Reporter ; David Tato
BANDUNG – Exsel, SH, secara resmi mendatangi Bidang Profesi dan Pengamanan (Propam) Polda Jawa Barat pada Rabu (2/7/2026). Kedatangannya membawa sejumlah dokumen pendukung sebagai tindak lanjut atas dugaan adanya oknum anggota kepolisian yang menghambat proses Restorative Justice (RJ) serta melakukan pungutan liar (pungli) dalam sebuah perkara.
Langkah ini diambil untuk memperoleh kepastian hukum dan memastikan laporan masyarakat ditindaklanjuti sesuai prosedur. Berkas yang diserahkan diharapkan menjadi dasar bagi Propam untuk melakukan pendalaman dan pemeriksaan lebih lanjut terhadap dugaan pelanggaran tersebut.
Dalam proses pelaporan, Exsel mendapatkan pelayanan prima dari seorang personel wanita (Polwan) yang bertugas di bagian piket. Polwan tersebut membantu membimbing proses pengaduan secara online hingga tuntas. “Saya menyampaikan apresiasi atas pelayanan yang profesional dan humanis dari rekan-rekan Propam, khususnya Polwan yang membantu proses administrasi,” ujar Exsel.

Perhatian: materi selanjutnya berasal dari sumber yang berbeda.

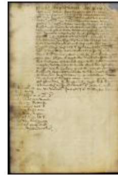
Patent of John West for land on Long Island (NYSA_A1880-78_VHHpt2_0128)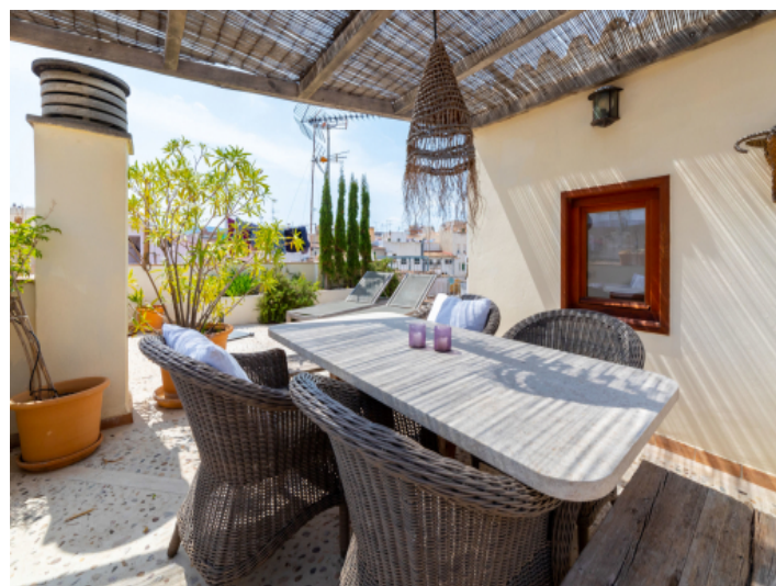
Covered outdoor dining area

Exsel juga mengucapkan terima kasih kepada Ketua Umum FERADI WPI, Advokat Donny Andretti, S.H., M.Kom., serta rekan-rekan advokat seperti Advokat Rifa Asyah Ningrum, SH, dan David Agus Winoto atas dukungan moral dan hukum penuh. Ia juga mengapresiasi peran media massa yang telah memberitakan kasus ini secara independen dan berimbang.
Exsel berharap Propam Polda Jabar dapat memproses laporan ini secara objektif. Jika ditemukan pelanggaran etik atau disiplin oleh oknum yang dilaporkan, ia meminta penanganan dilakukan secara tegas berdasarkan alat bukti yang ada. Masyarakat dihimbau untuk tetap menjunjung tinggi asas praduga tak bersalah sambil menunggu hasil pemeriksaan resmi.